• **WHAT YOU SHOULD DO**
Output all of the records word for word and drop the images.

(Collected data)
*** Begin section ***

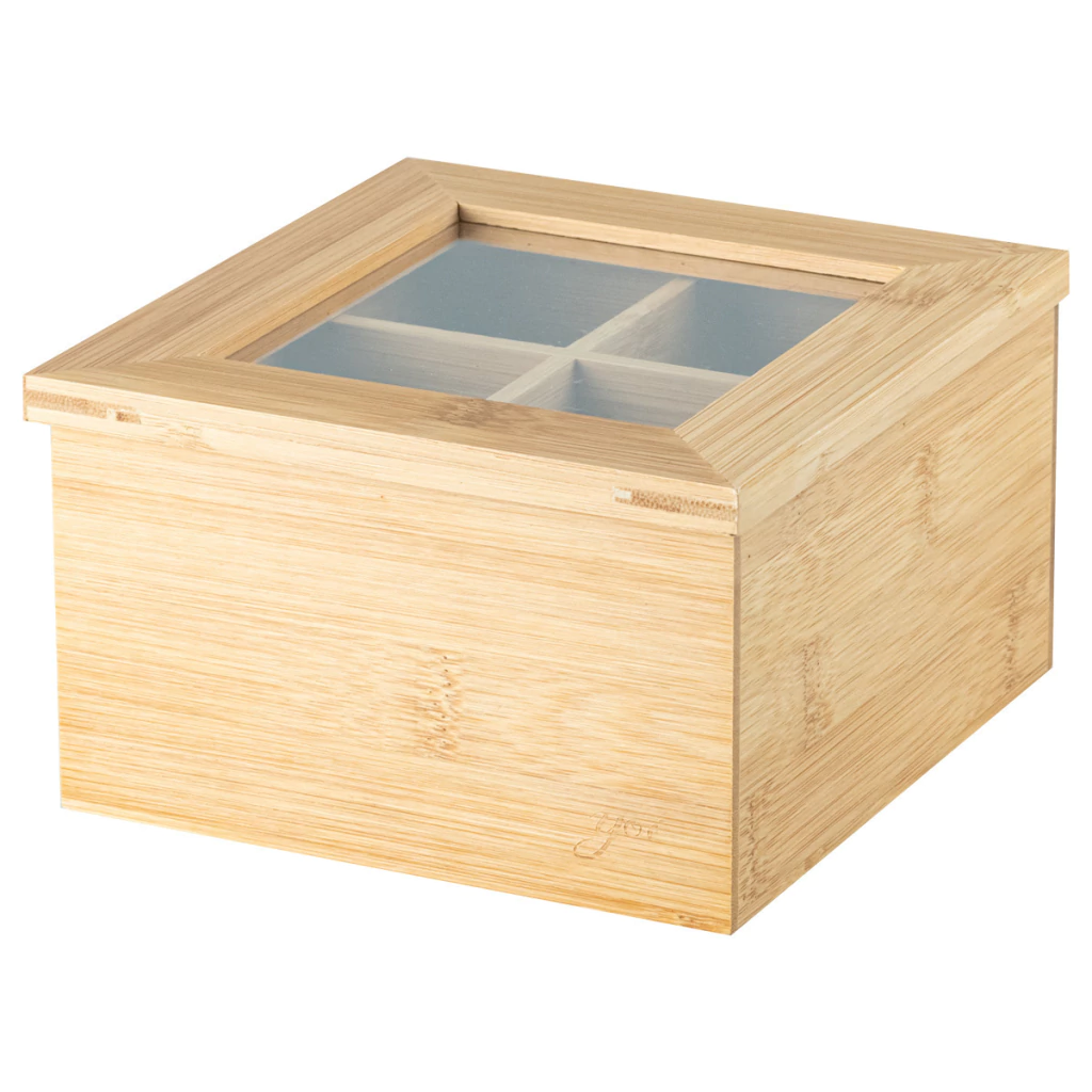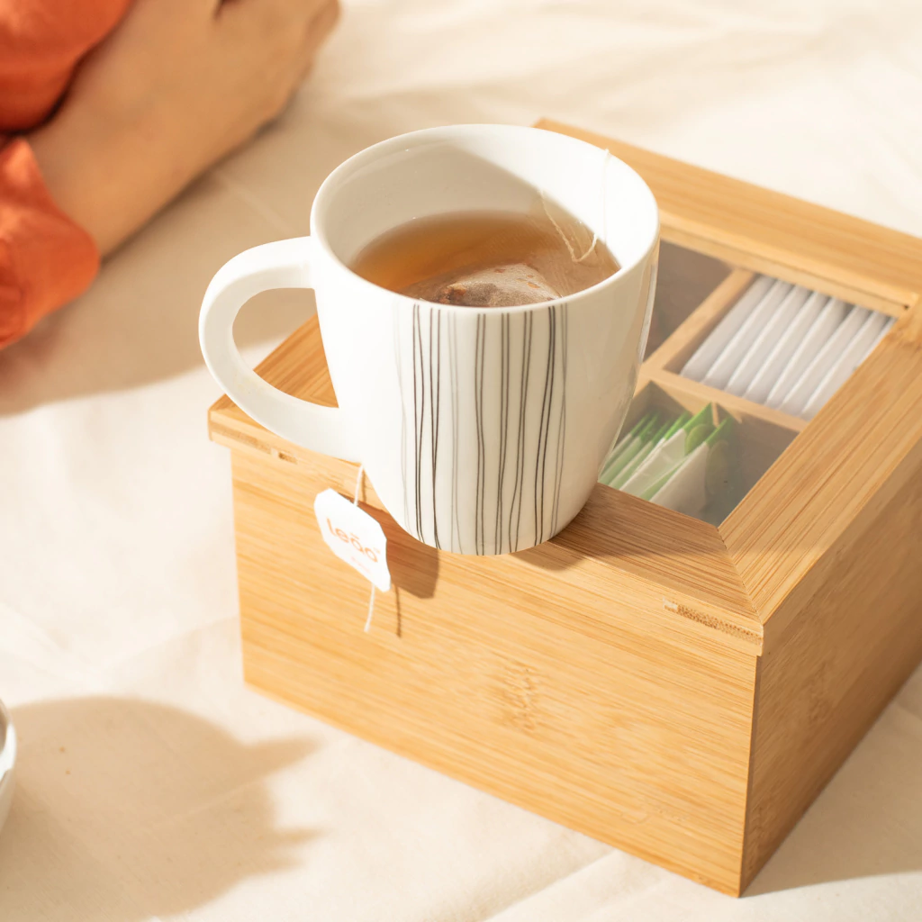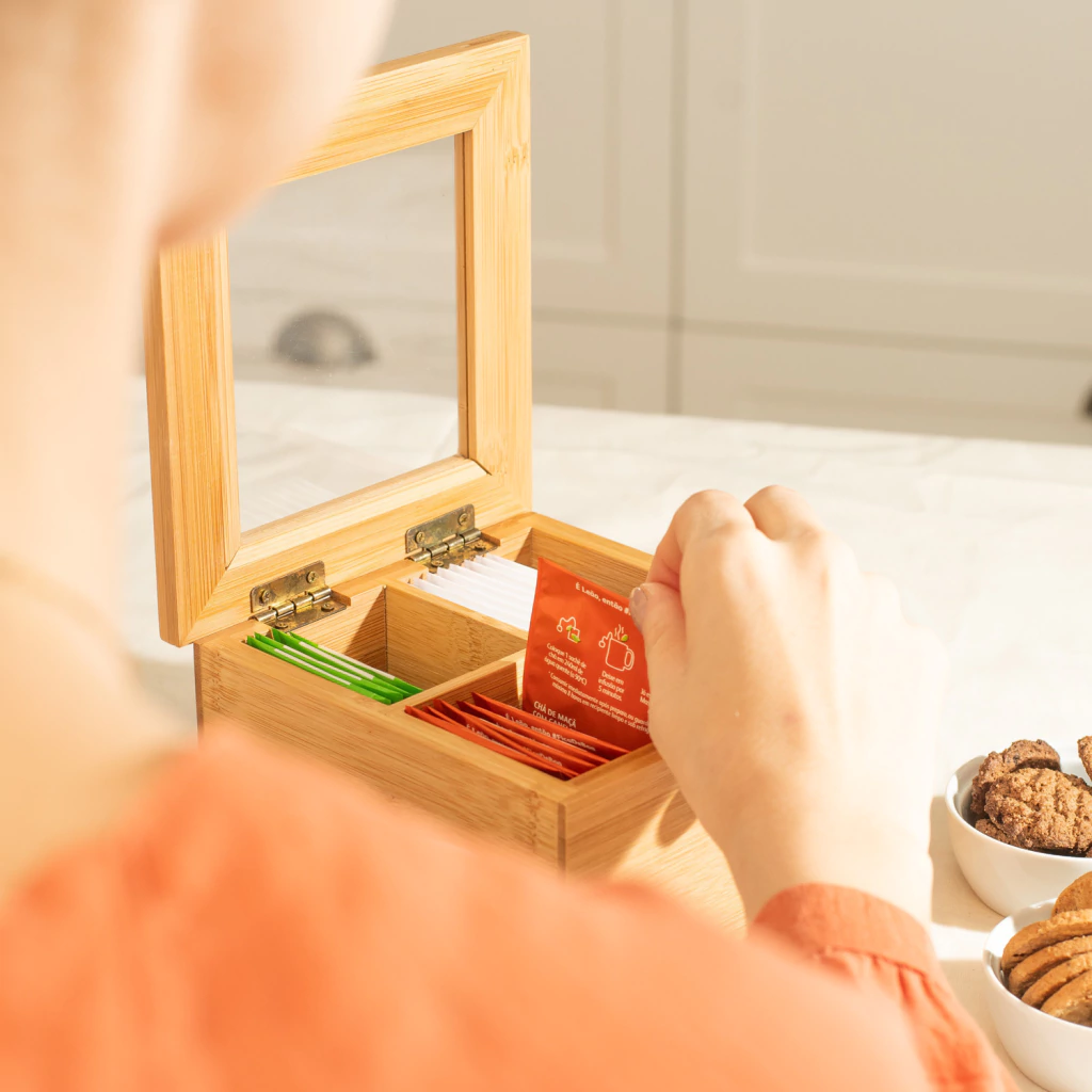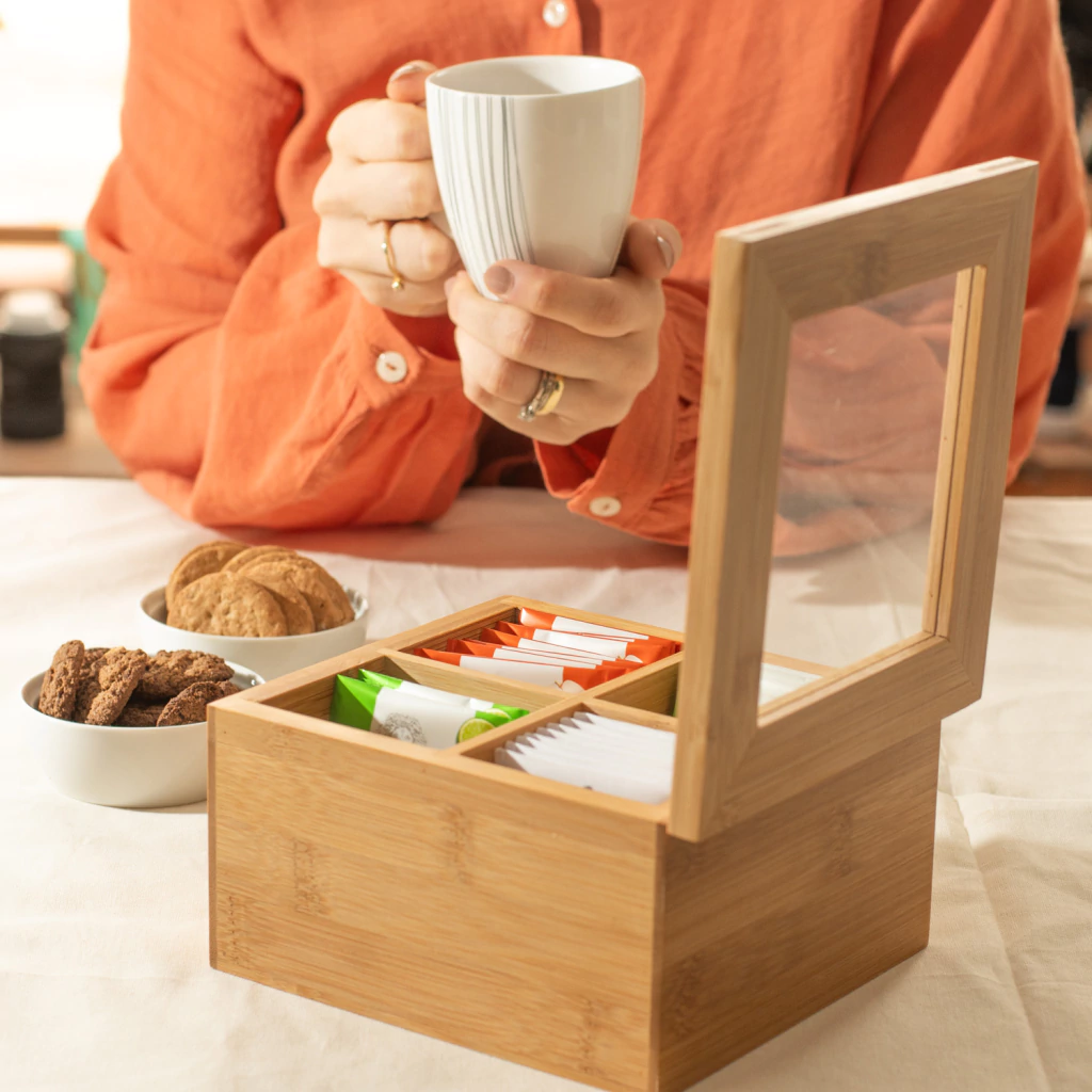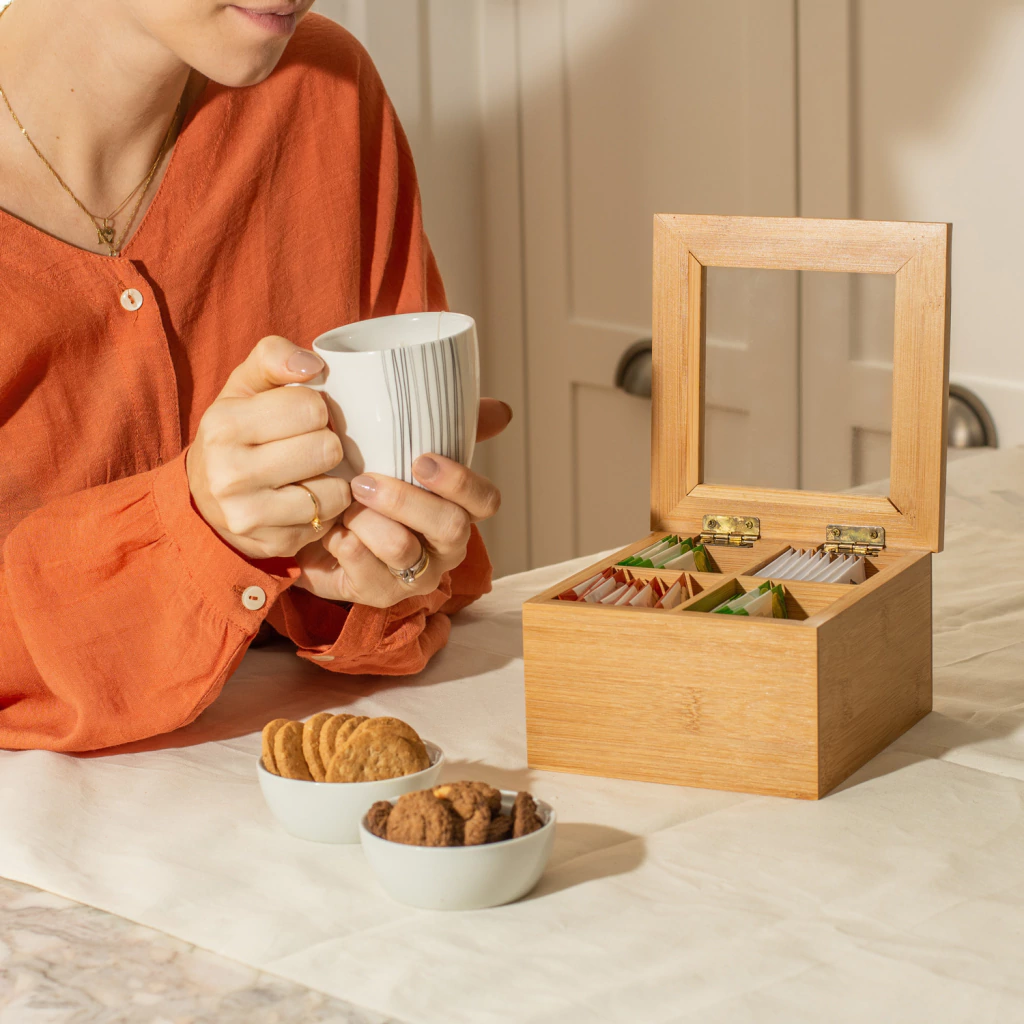 O Organizador de Chá Sense traz praticidade e sofisticação à sua cozinha ou área de serviço. Com 4 divisórias e tampa de visor transparente, ele facilita a organização e visualização dos sachês de chá, mantendo tudo em seu devido lugar e à mão. Feito de bambu, material sustentável e elegante, é ideal para quem valoriza um ambiente mais organizado e esteticamente agradável. Perfeito para quem gosta de servir chá com estilo, ressignificando a experiência de servir e decorar.
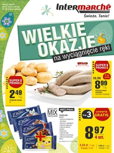 Najnowsza gazetka promocyjna sieci handlowej Intermarche – „Wielkie okazje na wyciągnięcie ręki”.
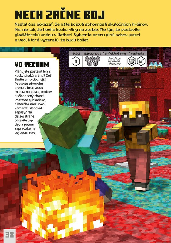 Minecraft Výzvy na prežitie Hrdinská edícia Preukáž hrdinstvo v Overworlde: viac ako 30 výziev pre skutočných Minecraft majstrovOficiálna kniha od nakladateľstva Alicanto prináša novú sériu výziev pre všetkých, ktorí chcú posunúť svoje schopnosti v Minecrafte na vyššiu úroveň. Hrdinská edícia je druhý diel série Výzvy na prežitie — plná náročných úloh, expertných tipov a úchvatných ilustrácií, ktoré ťa prevedú svetom Minecraftu od prvej strany až po poslednú. Výzvy môžeš plniť sám alebo s kamarátmi.
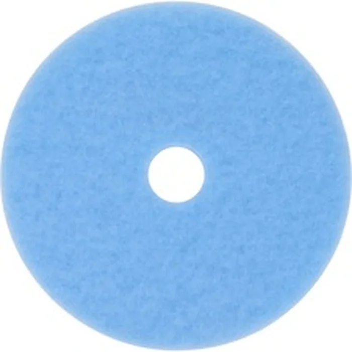 Sky Blue Hi-Performance Burnish Pad 3050 restores gloss to dull floors. It is designed for frequent burnishing with less dust and minimizes burning, point buildup and swirl marks. Pad is optimized for use on softer floor finishes typically used in retail environments and burnished frequently. Use with machine speeds from 1500 to 3000 RPM. Polyester fibers offer a textured, nonwoven construction. Center hole diameter is 3-3/8".
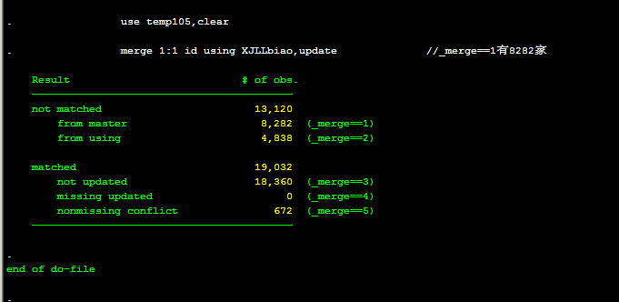 小可的疑问:_merge ==5 有672个,查help以及手册后,得知合并之后的数据集中,交叠的变量NI和accper中有672个即来自于master数据集,又来自using数据集。可是,如果我要把它们分别找出这672个观测分别来自master数据集抑或using数据集的话,要怎么办呢?
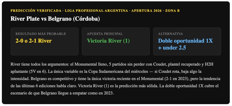 Pronóstico River Plate vs Belgrano — Apertura 2026 Liga Argentina
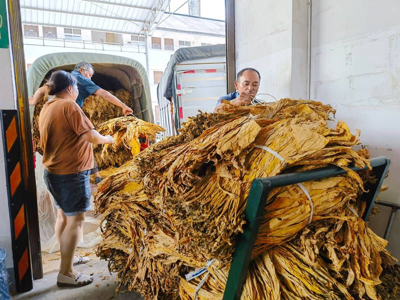 正在交售烟叶的烟农顾洪虎笑着说:“我种了34亩,已经交了4000多斤。如果全部顺利卖出,扣除成本和人工,纯利润能有六七万元。”他感叹,“这‘金叶子’真是越种越有盼头!”
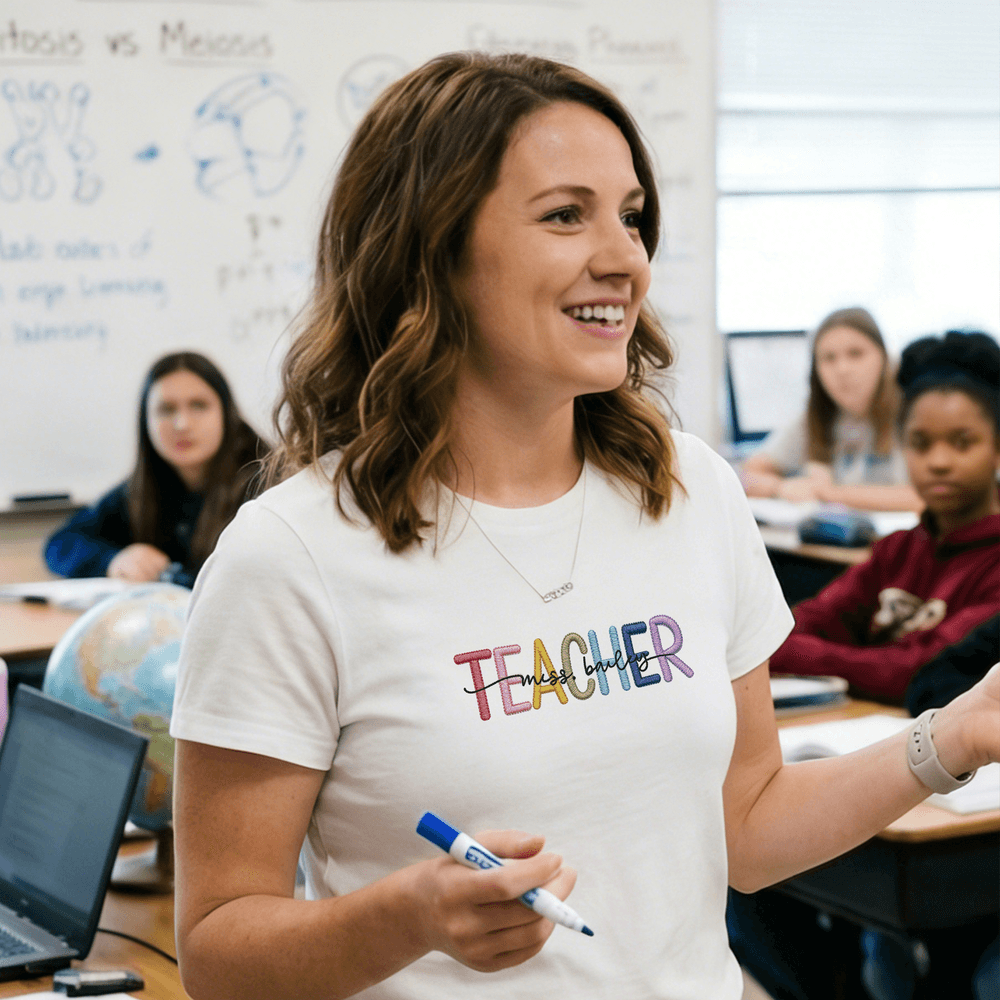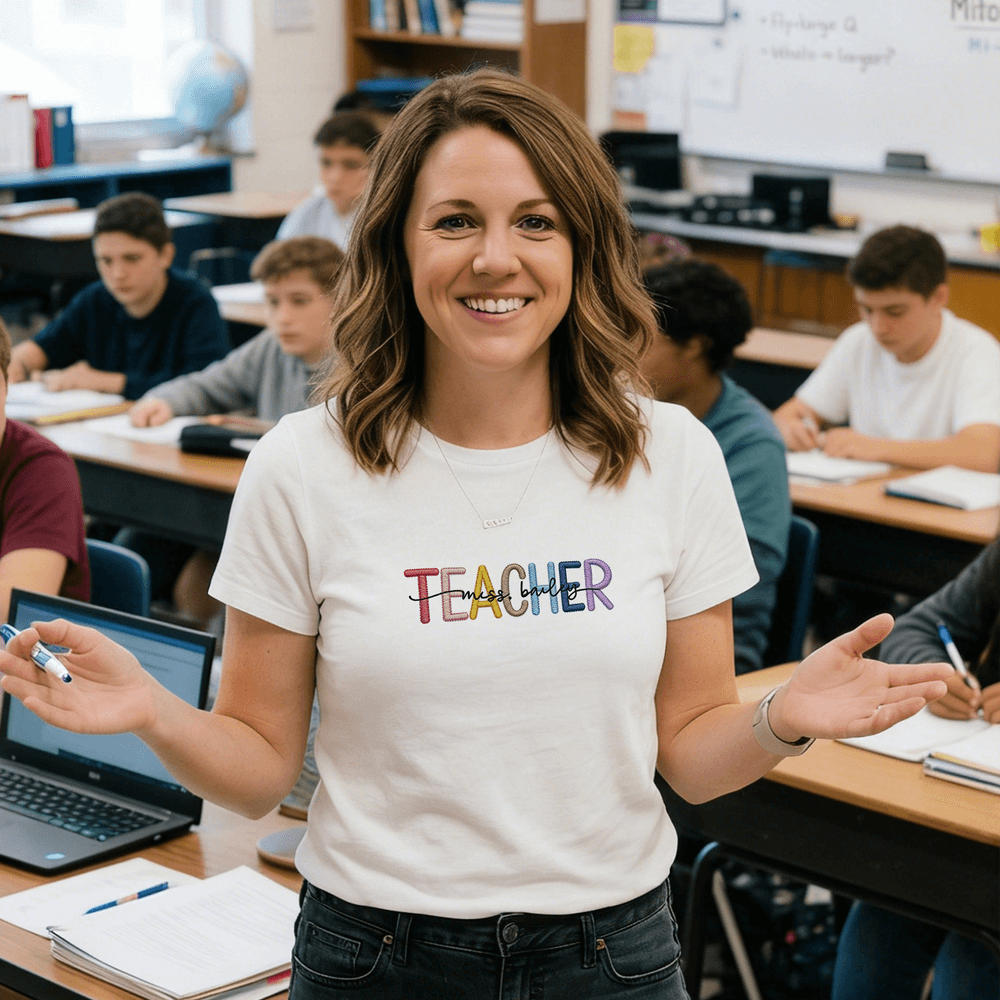 Hergestellt aus hautfreundlichem, atmungsaktivem Stoff - erhältlich in T-Shirt-, Sweatshirt- und Hoodie-Form. Das weiche, dicke Material ist resistent gegen Pilling und Formverlust und garantiert dauerhaften Komfort. Die Stickerei ist robust und fein genäht und übersteht mehrere Waschgänge, ohne auszubleichen oder sich zu lockern. Die lockere Passform eignet sich für alle Körpertypen, bietet Bewegungsfreiheit und ist alltagstauglich - bereit, Lehrerinnen und Lehrer durch den Schulalltag zu begleiten.

*** End section ***

• **RESPONSE TO THIS EXERCISE**
 O Organizador de Chá Sense traz praticidade e sofisticação à sua cozinha ou área de serviço. Com 4 divisórias e tampa de visor transparente, ele facilita a organização e visualização dos sachês de chá, mantendo tudo em seu devido lugar e à mão. Feito de bambu, material sustentável e elegante, é ideal para quem valoriza um ambiente mais organizado e esteticamente agradável. Perfeito para quem gosta de servir chá com estilo, ressignificando a experiência de servir e decorar.
 Najnowsza gazetka promocyjna sieci handlowej Intermarche – „Wielkie okazje na wyciągnięcie ręki”.
 Minecraft Výzvy na prežitie Hrdinská edícia Preukáž hrdinstvo v Overworlde: viac ako 30 výziev pre skutočných Minecraft majstrovOficiálna kniha od nakladateľstva Alicanto prináša novú sériu výziev pre všetkých, ktorí chcú posunúť svoje schopnosti v Minecrafte na vyššiu úroveň. Hrdinská edícia je druhý diel série Výzvy na prežitie — plná náročných úloh, expertných tipov a úchvatných ilustrácií, ktoré ťa prevedú svetom Minecraftu od prvej strany až po poslednú. Výzvy môžeš plniť sám alebo s kamarátmi.
 Sky Blue Hi-Performance Burnish Pad 3050 restores gloss to dull floors. It is designed for frequent burnishing with less dust and minimizes burning, point buildup and swirl marks. Pad is optimized for use on softer floor finishes typically used in retail environments and burnished frequently. Use with machine speeds from 1500 to 3000 RPM. Polyester fibers offer a textured, nonwoven construction. Center hole diameter is 3-3/8".
 小可的疑问:_merge ==5 有672个,查help以及手册后,得知合并之后的数据集中,交叠的变量NI和accper中有672个即来自于master数据集,又来自using数据集。可是,如果我要把它们分别找出这672个观测分别来自master数据集抑或using数据集的话,要怎么办呢?
 Pronóstico River Plate vs Belgrano — Apertura 2026 Liga Argentina
 正在交售烟叶的烟农顾洪虎笑着说:“我种了34亩,已经交了4000多斤。如果全部顺利卖出,扣除成本和人工,纯利润能有六七万元。”他感叹,“这‘金叶子’真是越种越有盼头!”
 Hergestellt aus hautfreundlichem, atmungsaktivem Stoff - erhältlich in T-Shirt-, Sweatshirt- und Hoodie-Form. Das weiche, dicke Material ist resistent gegen Pilling und Formverlust und garantiert dauerhaften Komfort. Die Stickerei ist robust und fein genäht und übersteht mehrere Waschgänge, ohne auszubleichen oder sich zu lockern. Die lockere Passform eignet sich für alle Körpertypen, bietet Bewegungsfreiheit und ist alltagstauglich - bereit, Lehrerinnen und Lehrer durch den Schulalltag zu begleiten.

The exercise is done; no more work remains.